The compiler can bootstrap itself [5]: the first frontend combined with the backend is a HOL function which transforms a CakeML source code to machine code. This function is given to the second frontend combined with the backend to become machine code which transforms CakeML source code to machine code. Every step in this process is verified end-to-end with HOL4, therefore making CakeML a fully verified compiler.

#### 1.3 The internship goal

The algorithm used in the register allocator of CakeML is the iterated register coalescing algorithm [1], which can be slow: its complexity is at least  $\Omega(n^2)$  where n is the number of registers in the program. In fact, most of the compilation time is spent in the register allocation: it is the slowest part of the compiler.

For several applications (JIT, REPL, running on a verified processor on a FPGA) it would be very useful to have a short compilation time, and implementing the linear scan register allocator [8], would be useful.

The goal of my internship was to implement and verify a linear scan register allocator, and integrate it in the CakeML code base.

# 2 First work on CakeML: improving the constant folding

CakeML is a big and complex project, and starting by doing the linear scan register allocator first seemed a bit too ambitious.
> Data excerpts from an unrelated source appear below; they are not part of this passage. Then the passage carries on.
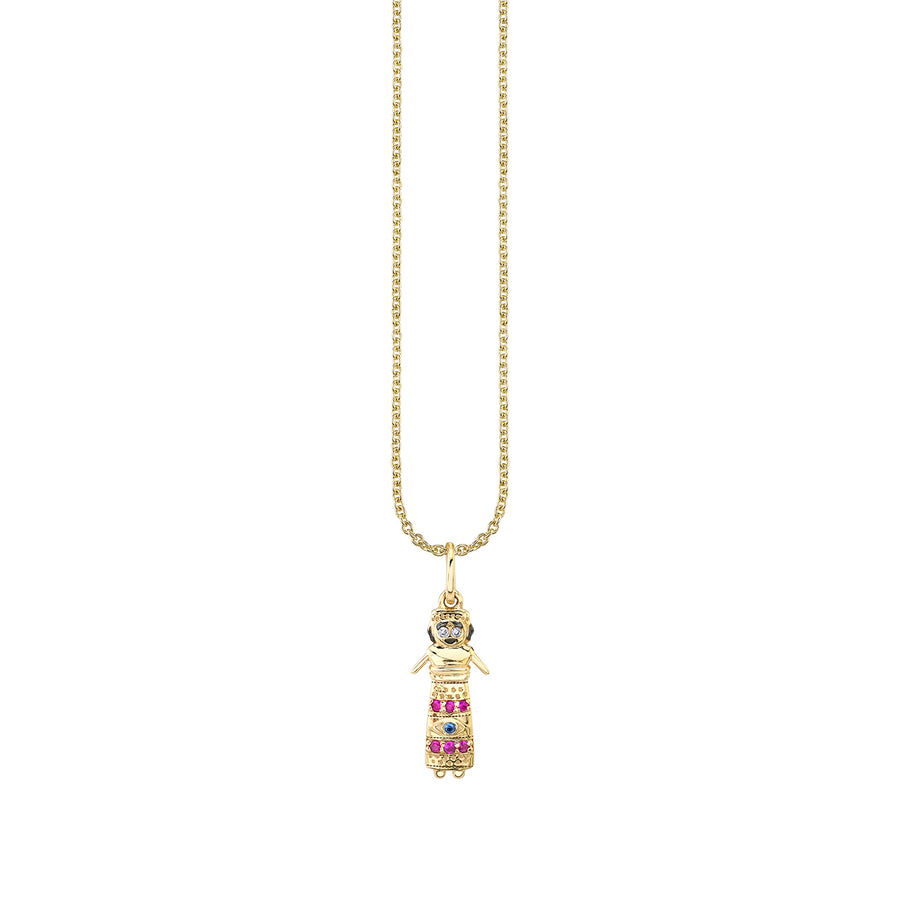 Carry a symbol of protection and vibrant energy with this 14k yellow gold and ruby tiny protective eye doll charm necklace from our Worry Doll Collection. The delicate charm measures approximately 1/2" by 1/8" and features a ruby-accented protective eye, adding a touch of color and meaning.
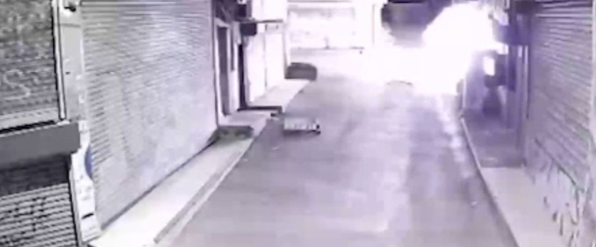 Öte yandan patlama anı etraftaki güvenlik kameralarına yansıdı.
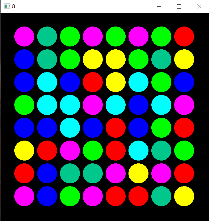 for(int j=1;j<=8;j++) //match=1的积木,变更为新积木,坐标位置放到棋盘外。新积木实际行、列(row,col)未变,通过上面dx,dy移动到(row*54,col*54)处。
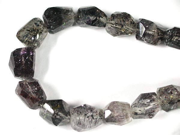 スーパーセブン・タンブル(5) 平均仕上り寸法 約 8x9x11(mm) 長さ 約 21cm 重量 約 122.84ct 連を崩して細部までのチェックはしておりませんので、原石時の状態の残っている物がたまに見受けられたり、研磨剤の残っている(画像でグリーン掛かって見えるところ)ものが稀に有ります。ご容赦願います。 アメジスト、レピドクロサイト、ゲーサイト、カコクセナイト、ルチル、スモーキークォーツ、クリアクォーツ、がひとつの水晶の中に内包されているものをスパーセブンと呼んでいますが、実際に7種類内包されているものはほとんどありません。しかし、これらの幾つかを内包しているだけでもパワーに変りは無いとされ、人気を博しているパワーストーンでもあります。 ワイヤー仕様となります。 |
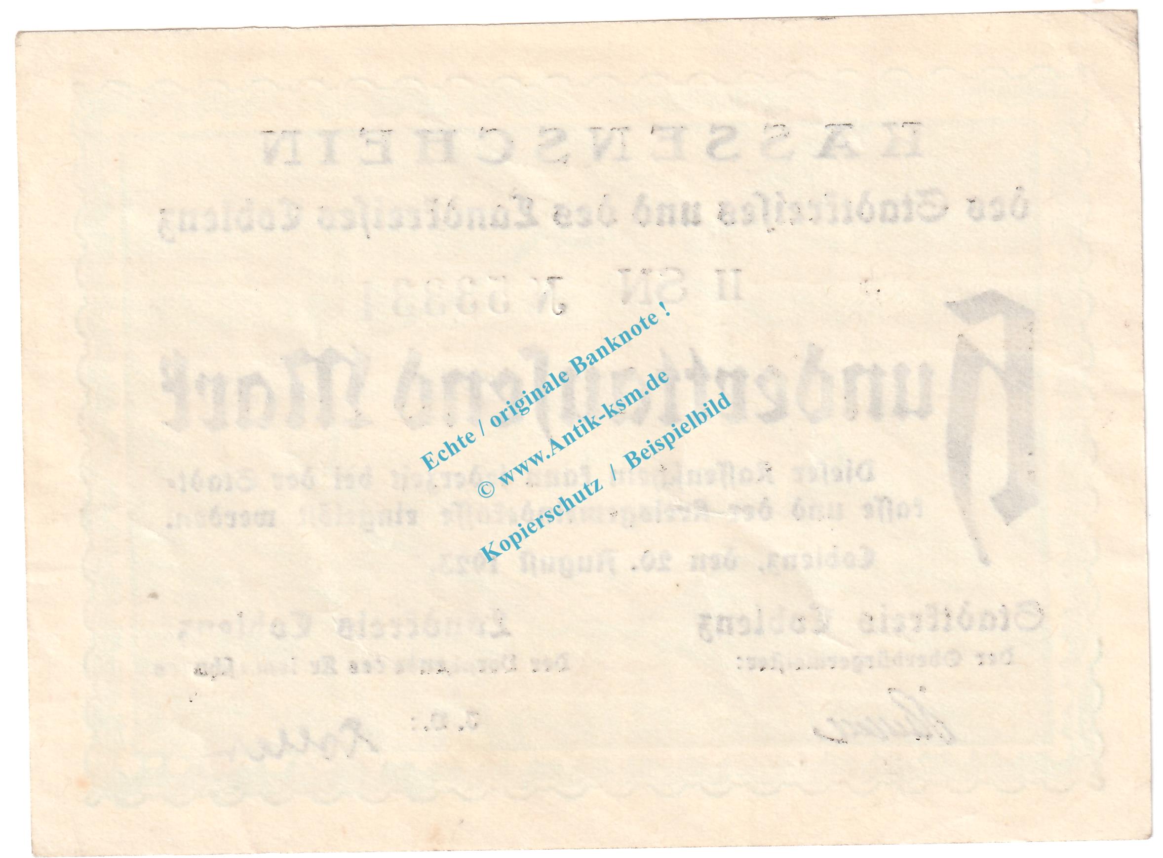 Coblenz , Notgeld 100.000 Mark Schein in kfr. Keller 866.e , Rheinland 1923 Grossnotgeld Inflation
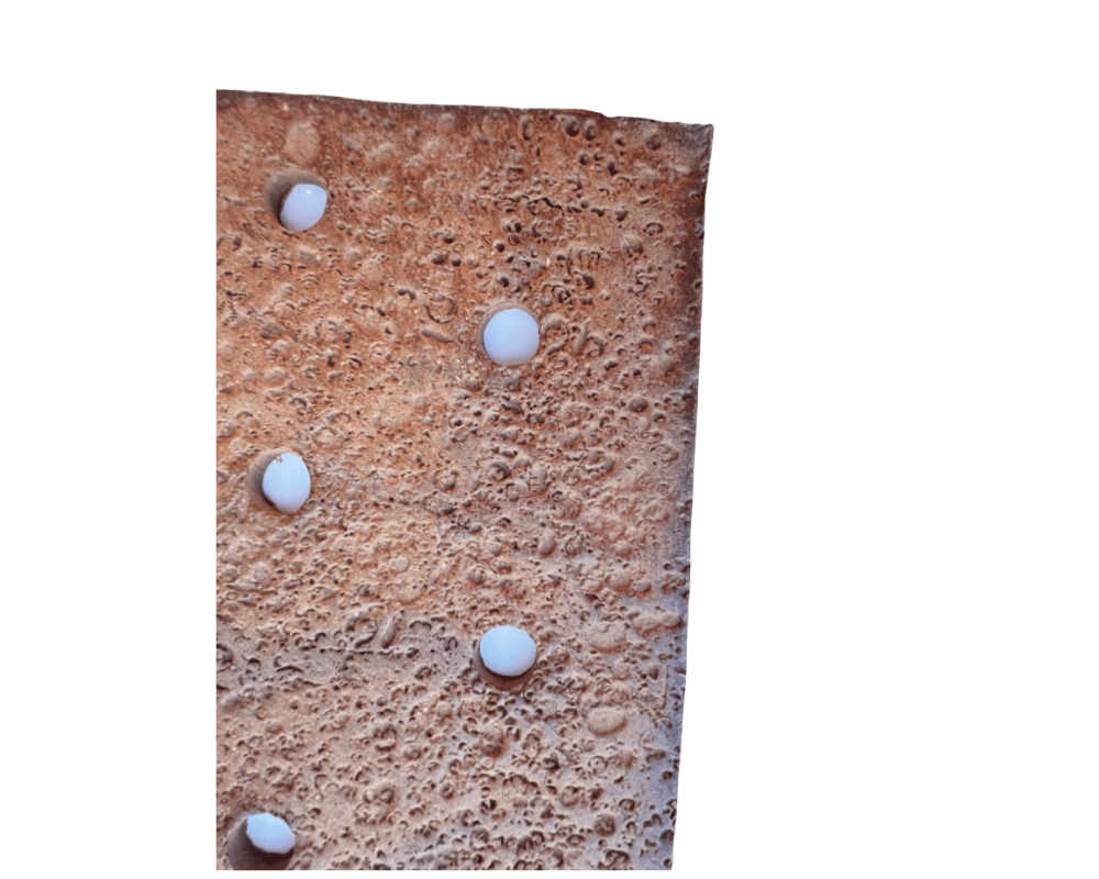 Handmade from rolled stoneware clay slabs and various hand tools. Once dried, piece is then fired to cone 6 in a ceramic kiln. The whole process takes several days. Although I repeat many of my designs, each piece is individually made by hand, unique and no two pieces are exactly the same. Many of my designs are intended to be rough hewn in appearance with imperfections such as divots, rough and random shaped edges.
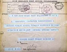 - ↑ "Police Report". The Waikato Times. Vol. 98, no. 16065. 15 August 1924. p. 2. Retrieved 2 March 2020 – via Papers Past.
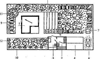 Рис. 1. План дачного участка: 1 – жилой дом; 2 – баня; 3 – летняя кухня; 4 – теплица; 5 – емкость с водой; 6 – компостная яма; 7 – туалет; 8 – огород; 9 – живая изгородь; 10 – цветники; 11 – плодовые деревья; 12 – ягодные кустарники.
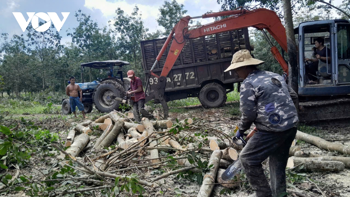 Người dân phường Bình Phước cắt cây bàn giao đất cho dự án

Therefore, I started by improving the code for constant propagation. I noticed that the algorithm was able to fold expressions like x + (1 + 2) to x + 3, but was failing to fold expressions like 1 + (x + 2) or even (x + 1) + 2.

The constant folding is done by using smart constructors. A smart constructor SmartOp *op*  $exp_1 exp_2$  is in general equal to Op *op*  $exp_1 exp_2$  but can be smarter in special cases: for example SmartOp Add  $exp_1$  (Number 0) can be equal to  $exp_1$ . The smart constructor was previously implemented with code similar to the one below:

SmartOp op  $exp_1 exp_2 =$ case  $(exp_1, exp_2)$  of  $| (Number n_1, Number n_2) \Rightarrow$ if op = Add then Number  $(n_1 + n_2)$ else if op = Sub then Number  $(n_1 - n_2)$ else if op = Mul then Number  $(n_1 \times n_2)$ else Op  $op exp_1 exp_2$  $| \_ \Rightarrow Op op exp_1 exp_2$ 

We can see that this code can't fold expressions like (x + 1) + 2.

When implementing the smart constructor, we need to be careful not to change the order of evaluation, since expressions can have side-effects executed. The smart constructor does not need to be careful of overflows since CakeML supports big integers by default.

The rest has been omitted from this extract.